Segment Open

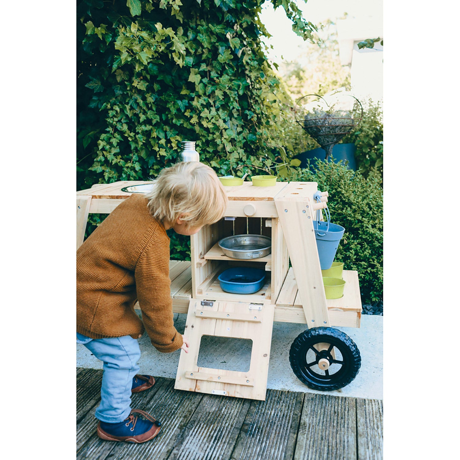 Ses roues indestructibles sont uniques : les enfants peuvent ainsi la déplacer autant qu’ils le souhaitent. Un four avec deux boutons produisant des sons de clic, un grand bac à boue, deux petits pots à boue et deux pots de fleurs en métal, ainsi que des découpes, des crochets et une surface de rangement pour organiser les outils de jardinage, les ustensiles de cuisine et les accessoires de boue complètent cette extraordinaire « cuisine d’été » !
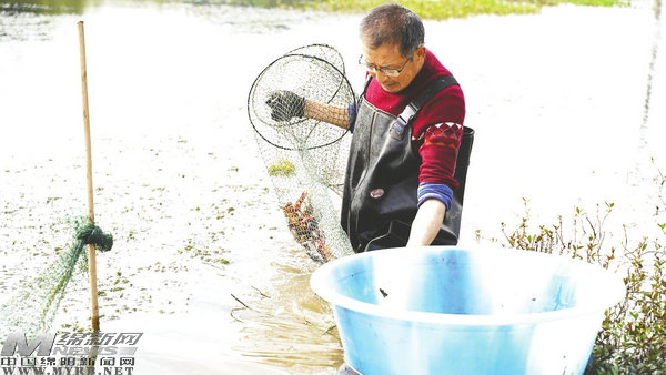 绵阳新闻网讯 4月18日,涪城区吴家镇三清观村元盛稻虾家庭农场稻虾综合养殖稻田里,一片忙碌的丰收景象。农场主李元胜正带领工人下田捞虾,不一会儿,一笼鲜红肥美的小龙虾便被捞了上来(如图)。
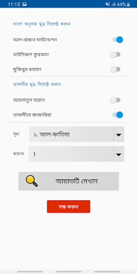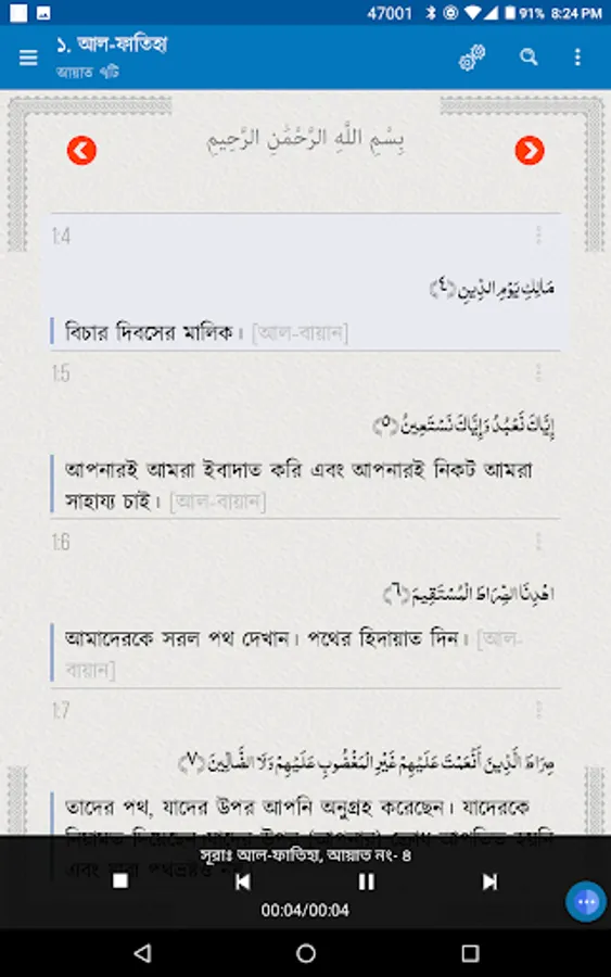 ⯎ আল কুরআন এবং সাথে বিশুদ্ধ মোট ৫টি বাংলা অনুবাদ আছে যা একই সাথে দেখা সম্ভব অথবা যে কোন একটি বা একাধিক একই সাথে আপনি দেখতে পারবেন ইনশাল্লাহ।
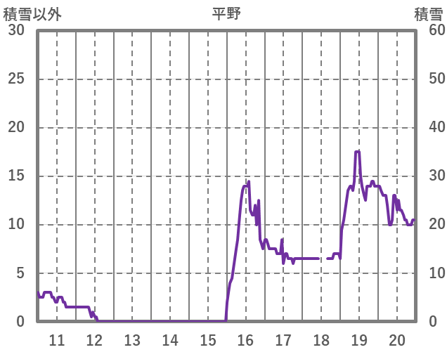 | 日 | 時 | 気温 | 降水 | 風向/風速 | 日照 | 積雪 | 降雪 |
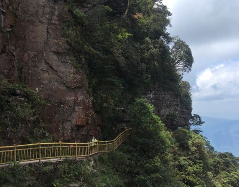 到了圣堂走廊那真是超级值回门票价的地方,栏杆外既是万丈深渊也是无限美景【景色】 身为广西本土人,第一次来金秀,第一次爬圣堂山。海拔1979米,全场约四公里多,四小时上山两小时下山。不同莲花山的秀美,圣堂山更多的是磅礴和壮美。第一段走了九百多米,心里打起了退堂鼓。再走到1.6...【景色】 身为广西本土人,第一次来金秀,第一次爬圣堂山。海拔1979米,全场约四公里多,四小时上山两小时下山。不同莲花山的秀美,圣堂山更多的是磅礴和壮美。第一段走了九百多米,心里打起了退堂鼓。再走到1.6公里时候,觉得再走一百米就放弃。再走到2.5公里时候,感觉腿反正不是自己的了,随便上!到了圣堂走廊那真是超级值回门票价的地方,栏杆外既是万丈深渊也是无限美景。再上去的高海拔小树林也是很值得欣赏。顶峰就是一个告诉你海拔多高的石碑,第一次来很值得留下照片纪念。下山两小时,小腿已经乳酸堆积成山。 广西美山⛰️圣堂我给你第一 展开
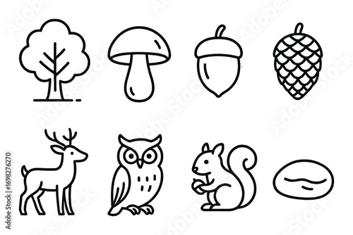 Fototapeta premium Nature icons: tree, mushroom, acorn, pinecone, deer, owl, squirrel, seed

Segment Closed

== DIRECTIONS FOR THIS TASK ==
Please restate the lines above exactly, starting at the first line of the data and stopping at the line containing "绵阳新闻网讯 4月18日,涪", which is included. Omit pictures.

== SOLUTION BELOW ==
 Ses roues indestructibles sont uniques : les enfants peuvent ainsi la déplacer autant qu’ils le souhaitent. Un four avec deux boutons produisant des sons de clic, un grand bac à boue, deux petits pots à boue et deux pots de fleurs en métal, ainsi que des découpes, des crochets et une surface de rangement pour organiser les outils de jardinage, les ustensiles de cuisine et les accessoires de boue complètent cette extraordinaire « cuisine d’été » !
 绵阳新闻网讯 4月18日,涪城区吴家镇三清观村元盛稻虾家庭农场稻虾综合养殖稻田里,一片忙碌的丰收景象。农场主李元胜正带领工人下田捞虾,不一会儿,一笼鲜红肥美的小龙虾便被捞了上来(如图)。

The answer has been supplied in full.